• **WORK ITEM**: Write out the data exactly as given, dropping every picture.
+ + + + + + +
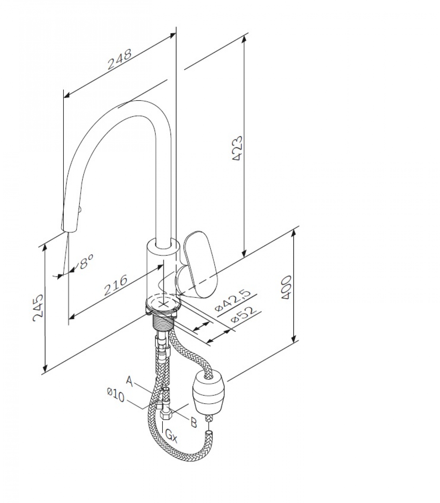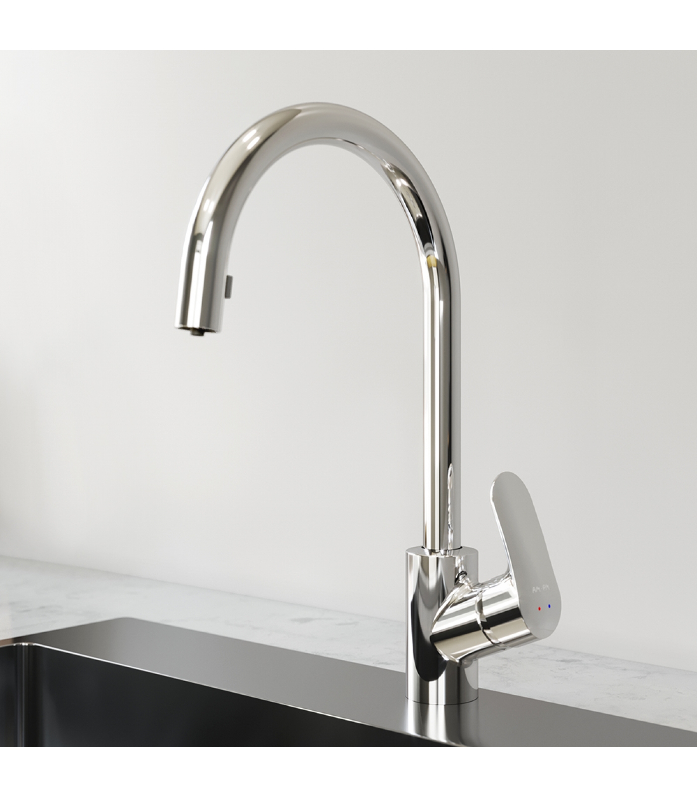 Смеситель для кухни AM.PM Like F8012000, однорычажный, высокий поворотный вытяжной излив
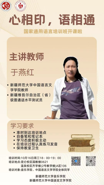 为进一步提高太阳成集团tyc7111cc学生的语言文字应用能力,精准掌握普通话测试的的方法和技巧,太阳成集团tyc7111cc于2024年10月16日邀请到中国语言文学学院自治区(省)级普通话水平测试员于燕红老师为同学们授课。本次培训采用腾讯会议线上授课的形式,在昆仑校区国教楼0621和温泉校区齐学楼A区同步开展。
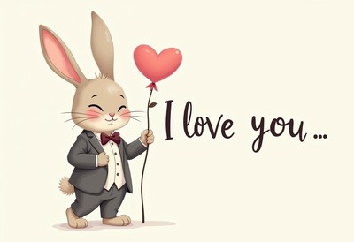 Cute rabbit in tuxedo holds heart balloon for love
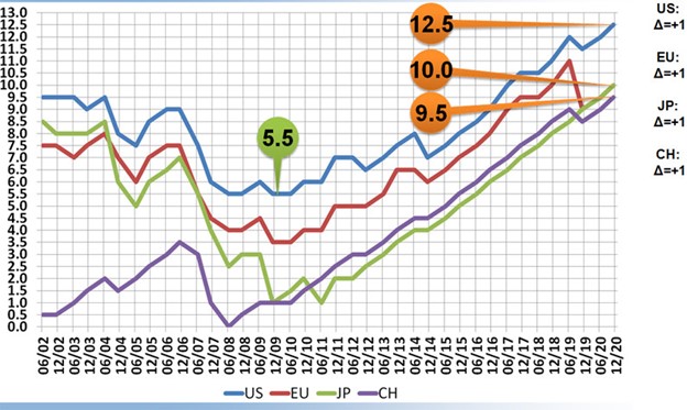 Рис. 1. Отставание России по сумме Rmax от США (US), Евросоюза (EU), Китая (CH) и Японии (JP), годы
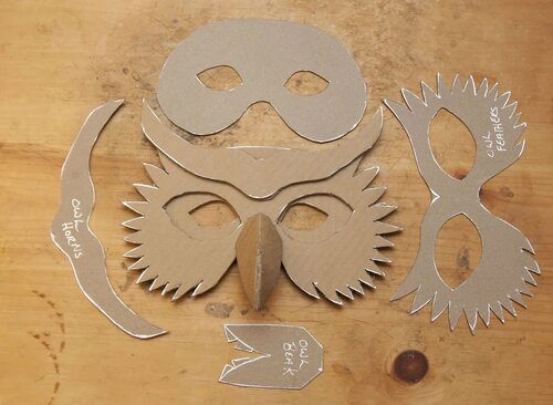 - Нарисуйте на картоне контур совы и вырежьте его с помощью ножниц.
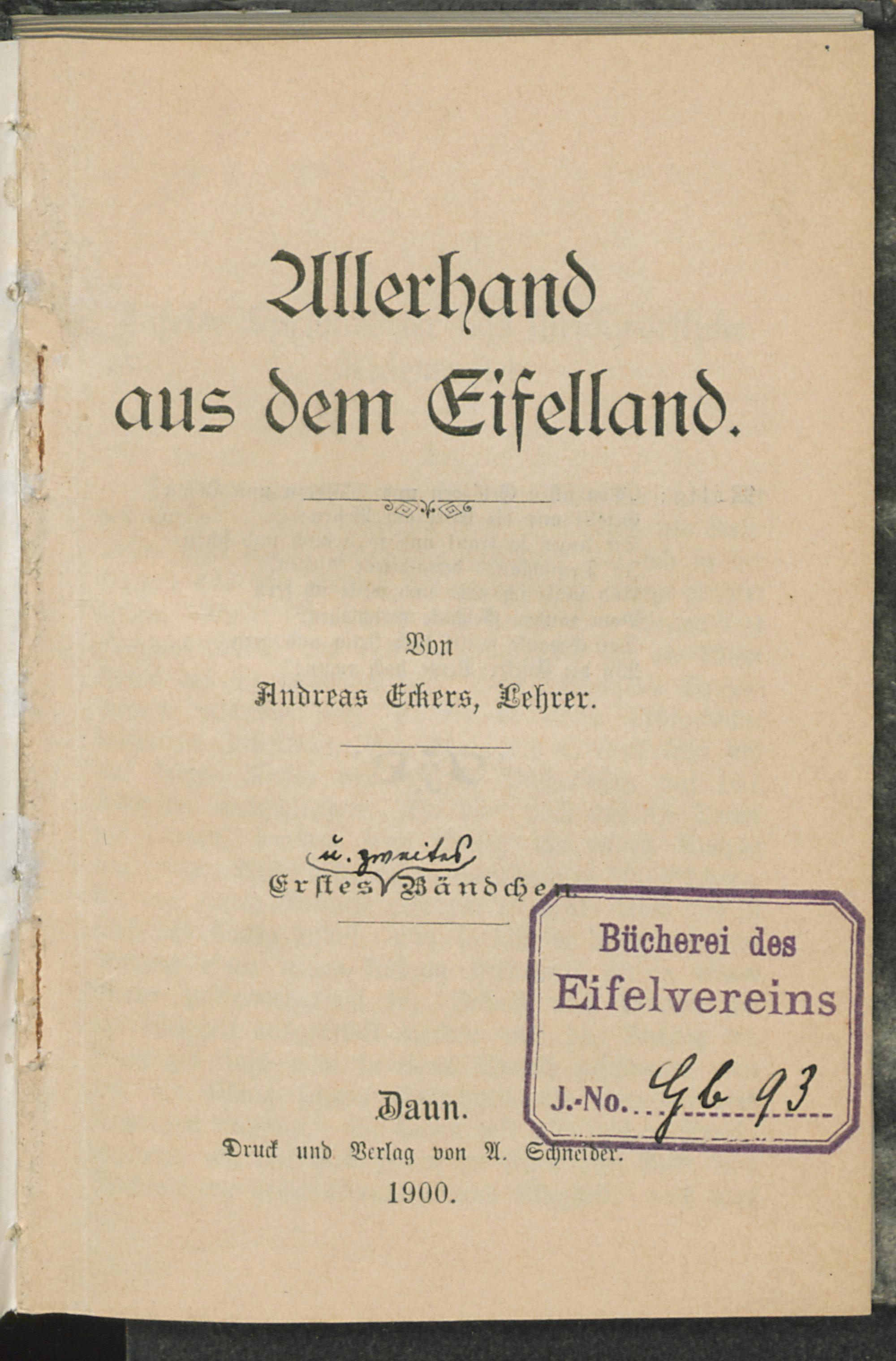 1 (1900) Allerhand aus dem Eifelland / Andreas Eckers
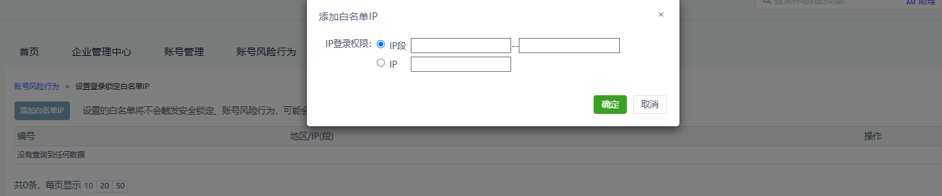 点击“添加白名单IP”,弹框如下图,您可以录入IP段、某个特定IP,用来添加到白名单中。
+ + + + + + +
• **WORKED SOLUTION**:
 Смеситель для кухни AM.PM Like F8012000, однорычажный, высокий поворотный вытяжной излив
 为进一步提高太阳成集团tyc7111cc学生的语言文字应用能力,精准掌握普通话测试的的方法和技巧,太阳成集团tyc7111cc于2024年10月16日邀请到中国语言文学学院自治区(省)级普通话水平测试员于燕红老师为同学们授课。本次培训采用腾讯会议线上授课的形式,在昆仑校区国教楼0621和温泉校区齐学楼A区同步开展。
 Cute rabbit in tuxedo holds heart balloon for love
 Рис. 1. Отставание России по сумме Rmax от США (US), Евросоюза (EU), Китая (CH) и Японии (JP), годы
 - Нарисуйте на картоне контур совы и вырежьте его с помощью ножниц.
 1 (1900) Allerhand aus dem Eifelland / Andreas Eckers
 点击“添加白名单IP”,弹框如下图,您可以录入IP段、某个特定IP,用来添加到白名单中。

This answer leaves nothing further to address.